Samples 'confirm IS used mustard agent in Iraq attack'
- Published
Sources at the global chemical watchdog say sulphur mustard was used last year in an attack on Kurdish forces in Iraq blamed on Islamic State (IS) militants.
The Organisation for the Prohibition of Chemical Weapons (OPCW) was sent samples after 35 Peshmerga fighters became ill near Irbil in August.
On Monday, the sources said the samples tested positive for sulphur mustard.
If confirmed, it would be the first known use of chemical weapons in Iraq since the fall of Saddam Hussein.
OPCW experts recently concluded that sulphur mustard was used in August in neighbouring Syria, during fighting between IS and rebel forces.
Sulphur mustard - commonly known as "mustard gas" although it is liquid at ambient temperature - is a powerful irritant and blistering agent which causes severe damage to the skin, eyes and respiratory system and internal organs.
'Black liquid'
The OPCW's report does not apportion blame for the attack in Iraq on 11 August, sources in The Hague told the Reuters and AFP news agencies.
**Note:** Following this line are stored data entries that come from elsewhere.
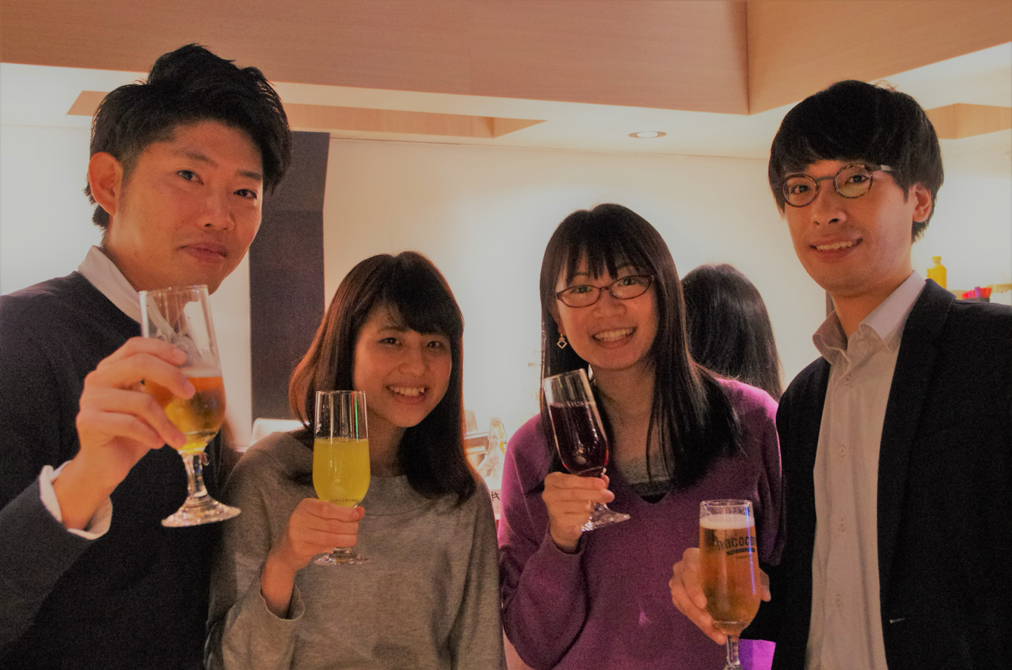 < 後輩との忘年会でのお写真。 気軽に話せる仲なのが良いですね(´▽`*) >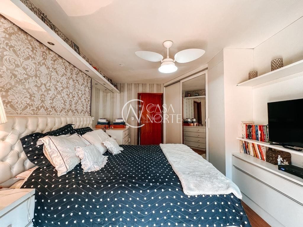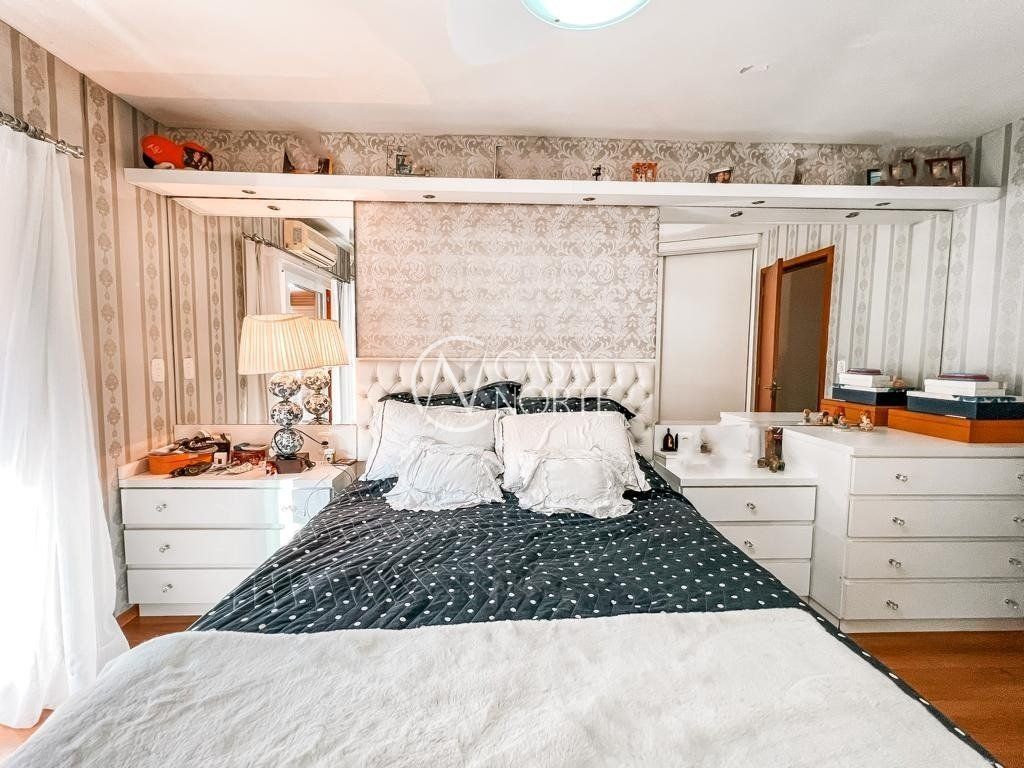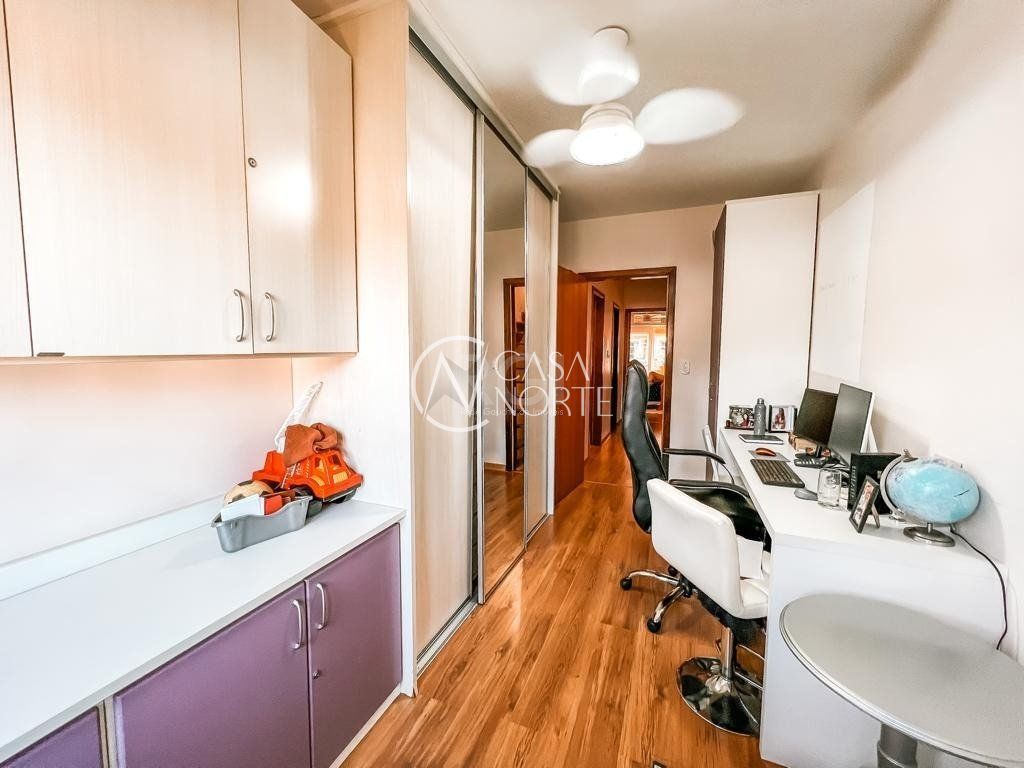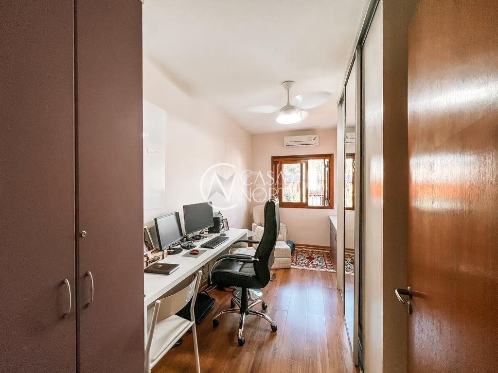 No segundo pavimento temos o banheiro social, 3 dormitórios, sendo 1 suíte com closet e sacada.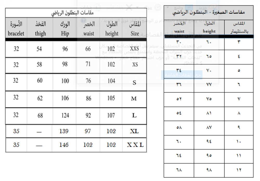 ملاحظة : تتوفر جداول مقاسات مختلفة في الصور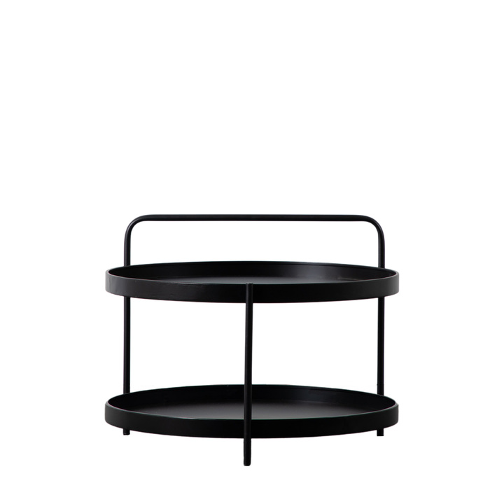 Contemporary coffee table crafted from metal with a black finish, with a tray-style top and lower shelf. The stunning design features a continuation of one section of the base, up and over the table to create a ‘handle’ effect. A matching side table is available and both are also offered in a gold leaf finish. Material: Iron Adjustable Shelves: No Distance between shelves: 280mm Assembly Required: Yes - top only Additional Information: Dimensions are the size of the table top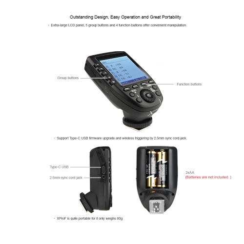 Extra-large LCD panel, 5 group buttons and 4 function buttons offer convenient manipulation. Only weights 80g for great portability. Support Type-C USB firmware upgrade and wireless triggering by 2.5mm sync cord jack.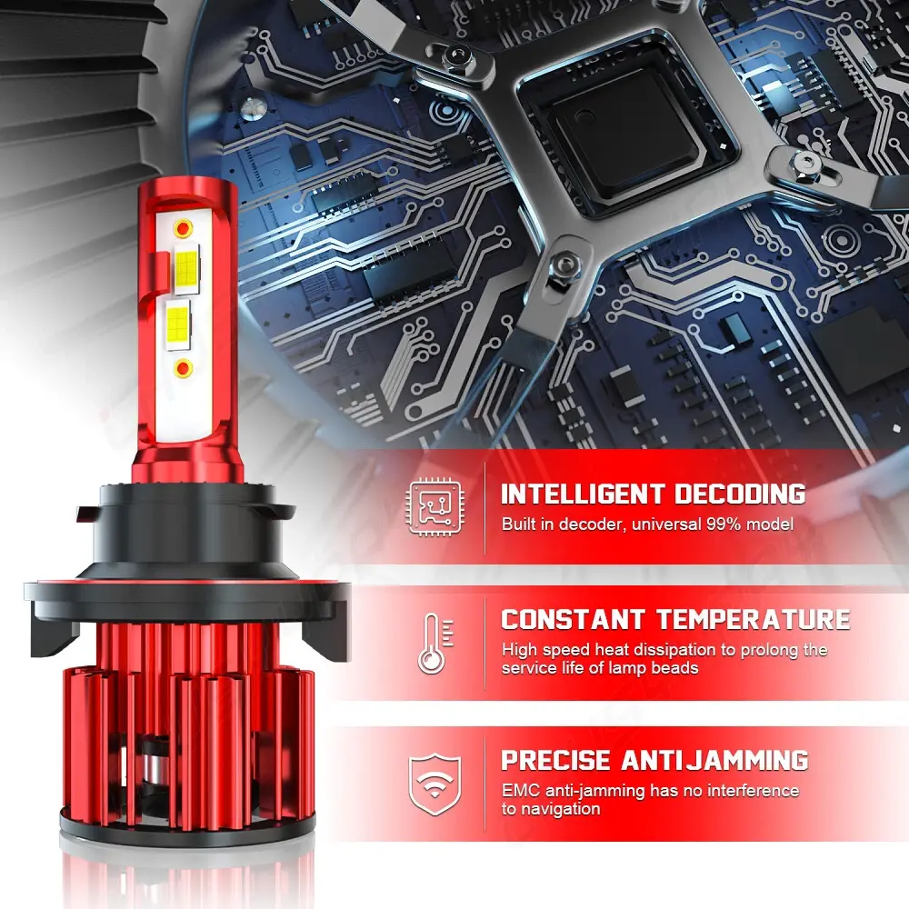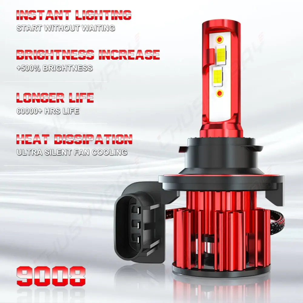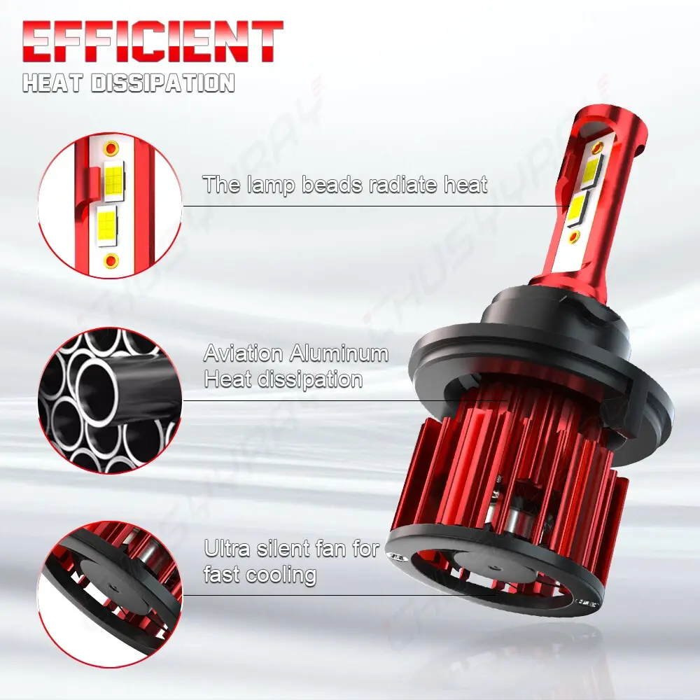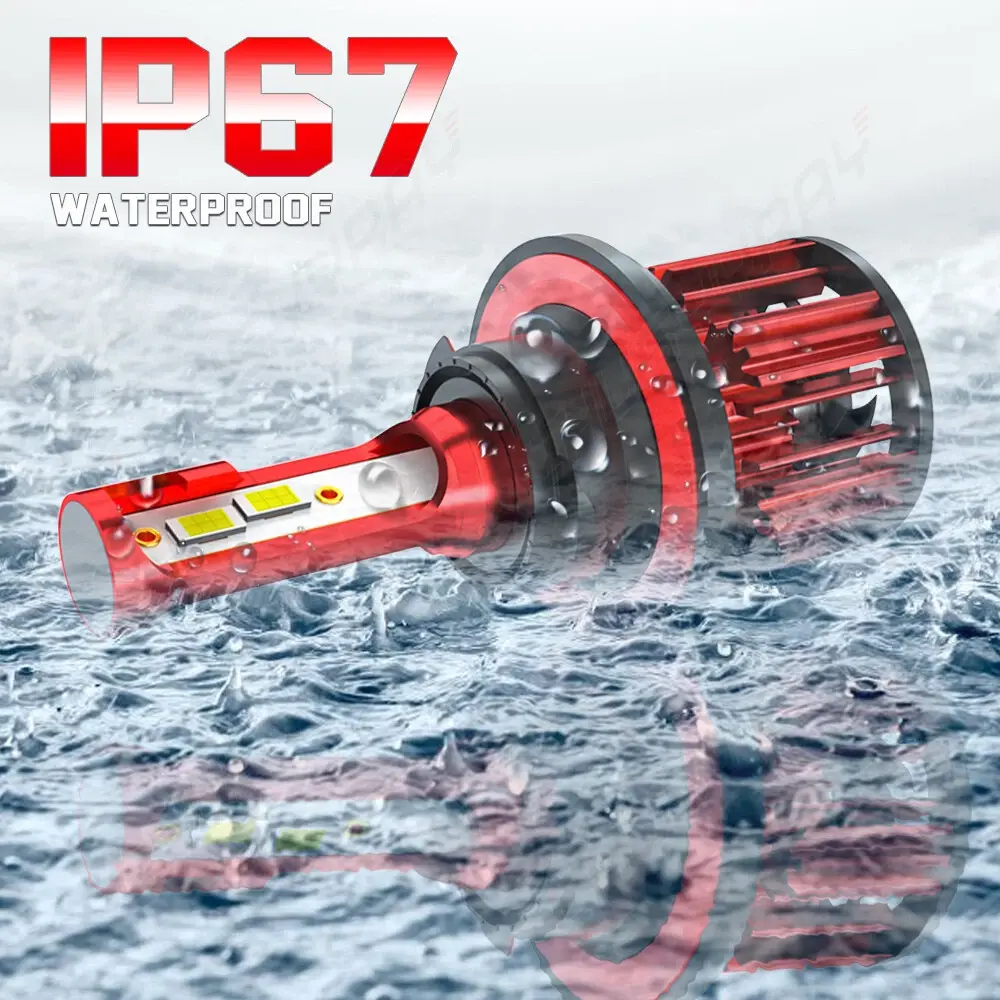 【Turbofan and Waterproof Design】The LED driver was built into the bulbs. The smallest heat system in the market, including cooling fan and cooling aluminum parts. 12,000 RPM high speed turbo fan will help the heat dissipation. In this way can ensure the bulbs lifespan last more than 50,000 hours. Our led headlight kit design IP67 waterproof. It can work underwater! Rainproof , it also shockproof. Buy it confidence.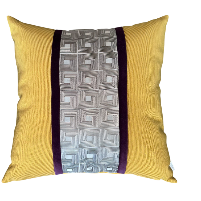 ORTASI GEOMETRİK DESENLİ BANTLI KARE YASTIK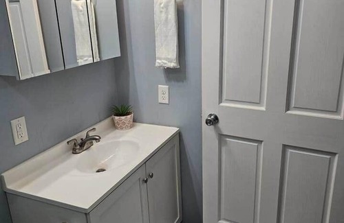 Main-floor 2 bedroom unit ideal for traveling pros or 2 couples. Two king memory-foam bedrooms flank a central kitchen/living area; one full bath. Shared on-site laundry (unfinished basement) Ample off-street parking, room for large vehicles. Walk to bars and restaurants. LaPorte Hospital 3 min; Dunes Volleyball Club 2 min; Amazon site 15-20 min.

But when the Kurdistan Regional Government's ministry of Peshmerga affairs first reported the incident, it made it clear that it held IS militants responsible.
The ministry said the affected Peshmerga fighters had been deployed along the frontline with IS, near the towns of Makhmour and Gwer when about 37 rounds exploded beside them, releasing a "white dust and black liquid". Tests on blood samples "revealed traces of mustard gas", it added.
OPCW spokesman Malik Ellahi would only confirm on Monday that the watchdog had sent a team of experts to Iraq to assist the government's investigation.
"The team completed its mission and the OPCW has shared the results of its technical work with the government of Iraq," a statement said, according to AFP.
The OPCW's Executive Council is expected to discuss the findings next month.
Experts are still uncertain about how IS might have obtained chemical weapons.
One unnamed diplomat told the Reuters news agency that it was possible the sulphur mustard was obtained from the Syrian military's stockpile, which was supposedly destroyed after a deadly attack involving the nerve agent sarin outside Damascus in August 2013.
However, CIA director John Brennan said, external on Sunday that IS militants were believed to have access to the necessary precursor chemicals and the capability to "manufacture small quantities of chlorine and mustard gas".